President Uhuru Addresses Parliament; Assures Country that the State of the Nation is Strong, Resilient and Steady
President Uhuru Kenyatta this afternoon delivered his Seventh State of the Nation Address with a strong urge to political leaders in the legislature and across the country not to let their guard down in the fight against Covid-19.
In an address delivered to an expectant House and an equally expectant nation given the challenges the country has faced this year, the President chose to inspire hope by stressing his proclamation that the "State of our Nation is Strong, Steady and Resilient".
His address this year which comes 6-months later than it's usual timing, cast a spotlight on the adverse effects that the global pandemic has visited upon the country, after which he appealed to the legislature as part of the larger part of the political leadership to lead the fight against the pandemic from the front and to avoid succumbing to the Covid fatigue.

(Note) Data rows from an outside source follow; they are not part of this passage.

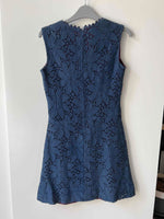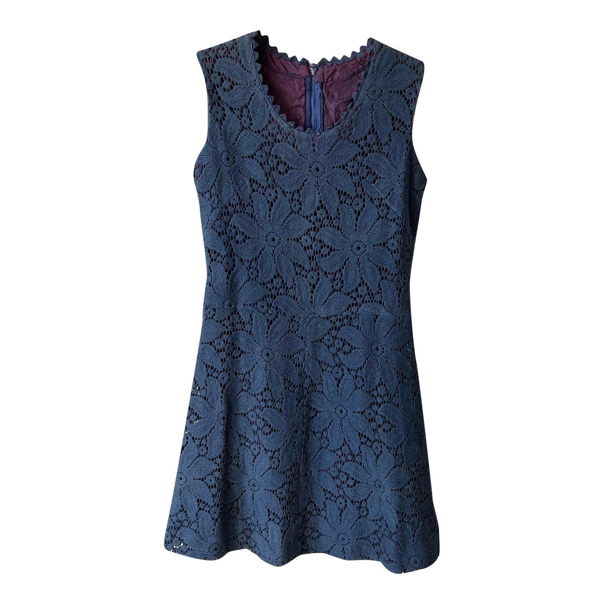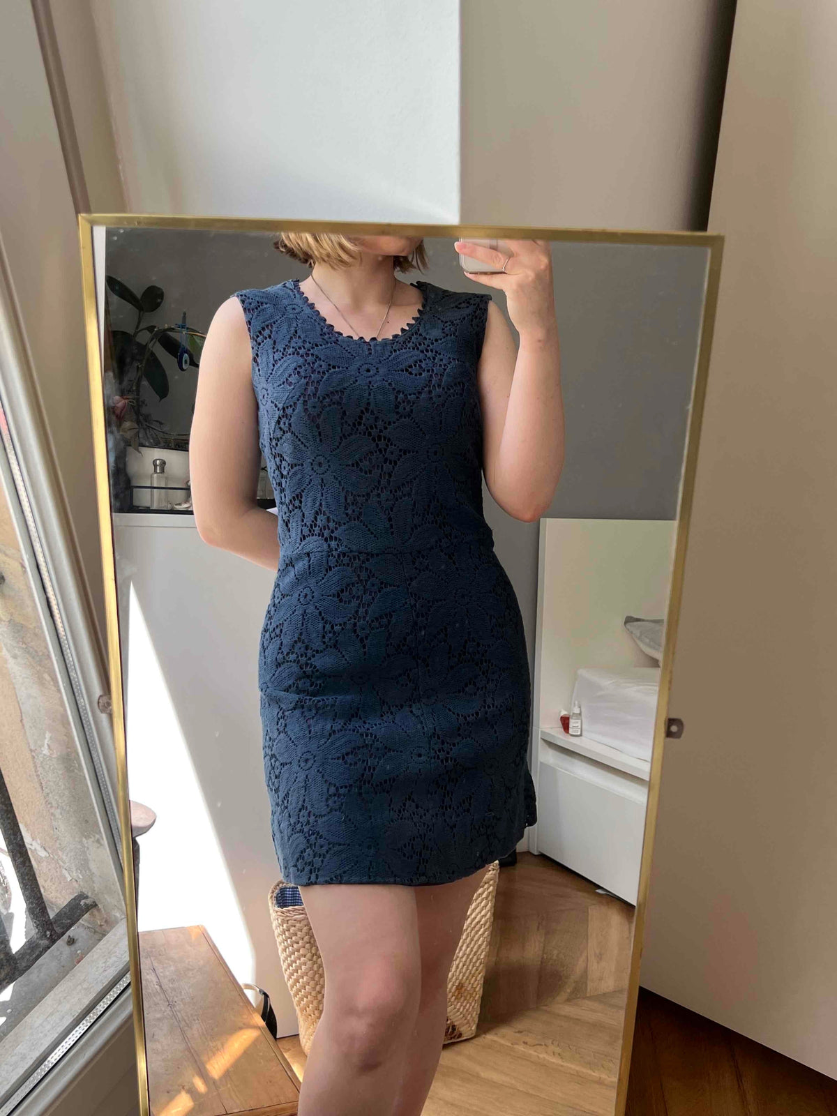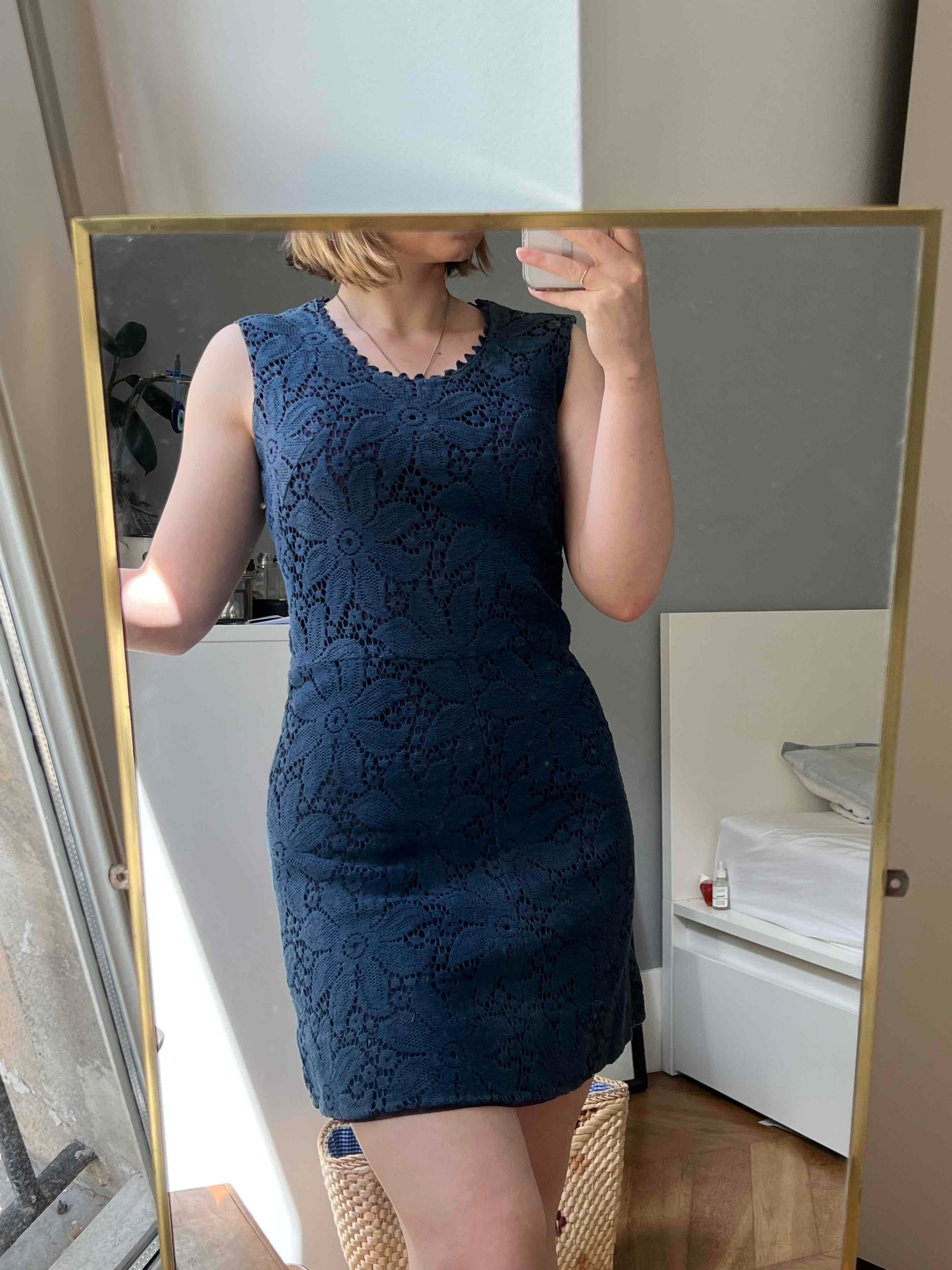 Prix unitaire parRobe mini en coton, courte en crochet bleu. Entièrement doublée. Taille 36. Cousue main. Années 70's
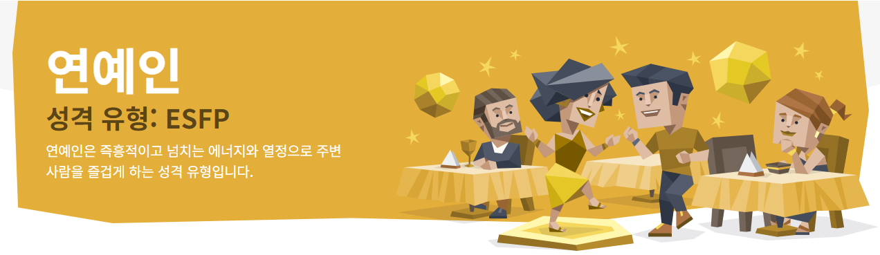 - ESFP: 즉흥적이고 에너지 넘치며, 주변 사람들에게 활력을 불어넣는 성격입니다.
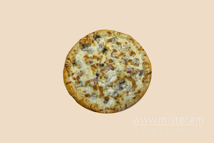 Соус вершковий, бекон, гриби, моцарела, пармезан.
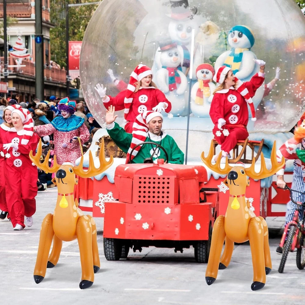 1 Pcs 5.52 FT Giant Christmas Reindeer Animals Deer Inflatable Christmas Standing Reindeer Blow up Decorations for Holiday Outdoor Yard Lawn Gift Package Content: each package includes 1 Christmas deer inflatable animals for party safari; The nice set allows for versatile placement, be it at the entrance of your home or flanking your Christmas tree, amplifying the holiday spirit in every corner Quality Material for Long Term Use: our Christmas giant reindeer inflatable is made from quality PVC material, ensuring durability and longevity; The material is resistant to wear and tear, providing you with a Christmas decoration that will add cheer to your holidays for many seasons to come Impressive Sizing for Maximum Impact: with dimensions reaching about 63 x 39 inches/ 1.6 x 1 meter, this Christmas inflatable reindeer is sure to make a striking statement; Its eye catching size helps to enhance your Christmas decor, creating an engaging and festive atmosphere Stylish Christmas Deer Design: featuring a delightful Christmas deer style, these Christmas reindeer inflatable decorations seamlessly blend into any holiday decor; The charming design is sure to create Christmas spirit, making them a favorite amongst guests and family members Easy to Use and Inflate: the usage method of our Christmas inflatable decorations is straightforward; Just remove the plug of the inflation port, use an air pump to inflate it to the appropriate size, and finally put the plug back; Within a few minutes, your festive decor is ready to impress

"We must not succumb to COVID fatigue. We must not 'back truck’ from our vigilant fight against this pandemic. If the people fall short of giving their best at this time, we the leaders have no option but to give our all. We must "..know the way, and show the way", urged the President.
The President observed that the pandemic had led to an unprecedented loss of life, global economic slow-down; the postponement of major cultural, religious, political, and sporting events including the 2020 Olympic games.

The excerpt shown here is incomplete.